Incidents/20110926-s5switchover

What

Database master (S5) switchover caused outage at 22:41 UTC for about 10 minutes.

Cause

Our master switch scripts start off with the following:

set the old (still current) master to read-only
in the case of MasterSwitch.php, kill queries on the old master running for more than 10 seconds
in the case of both sets of switch scripts, run "flush tables" against it, to ensure that pending transactions are committed. Unless sql_bin_log is disabled for a session, running "flush tables" on a master is replicated to the slaves.

When Asher was performing the S5 master db switchover, there were three particularly long running queries on db44, one of the two dewiki slaves. Each was a ~11 hour long query and those queries come with the same values in the 'where' clause. It should be returning the same 684 rows each time after apparently examining ~100 billion (!).

When flush tables ran on this host, it locked all tables and essentially hung there, waiting for the multi-hour temp table writes to complete. MySQL will still happily accepting connections and queries, which are queued up "waiting for table" status.

Impact

A large number of apache workers were tied up by sending blocked queries to this db, resulting in the actual site outage.

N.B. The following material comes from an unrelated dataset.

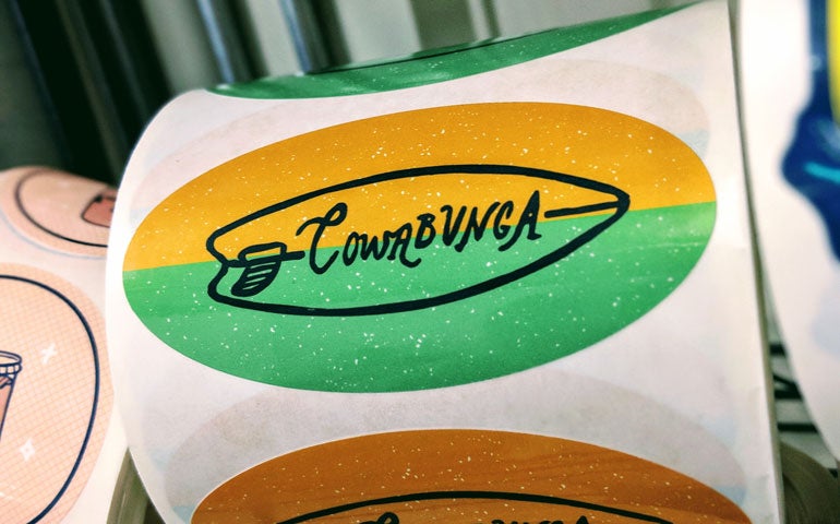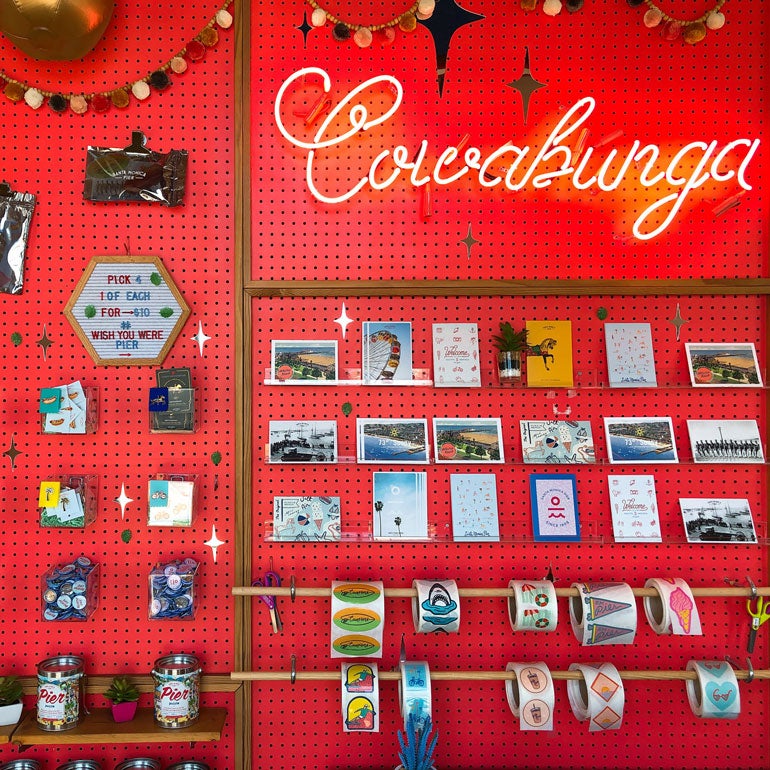 These kiss cut stickers on a roll are for this season's relaunch of the shop. The team at the Pier decided to include four items in their gift shop: pins, buttons, stickers and postcards. Visitors to the Pier gift shop can choose one of each item on the wall, and then place them in or on a Santa Monica Pier branded pouch to represent their visit to the Pier. It's quite a placement for these stickers, and they are sure to please locals and tourists alike. This bright-pink peg wall with a neon light that says "COWABUNGA" above invites in visitors to pick their favorites and leave with a memorable souvenir.

A bug in MySQL prevented 'flush tables' cannot truly be killed directly (http://bugs.mysql.com/bug.php?id=44884). The site was restored only after sending to that host a sigterm, which prevented it from accepting additional incoming connections and killing everything off. MySql on db43 was then restarted, and the rest of the replication changes went smoothly.

Mitigation

Need to modify the switch scripts to prevent the "flush tables" statement on the master from replicating, as well as automated killing of long running queries on the slaves (instead of just the old master) should prevent a recurrence of this scenario.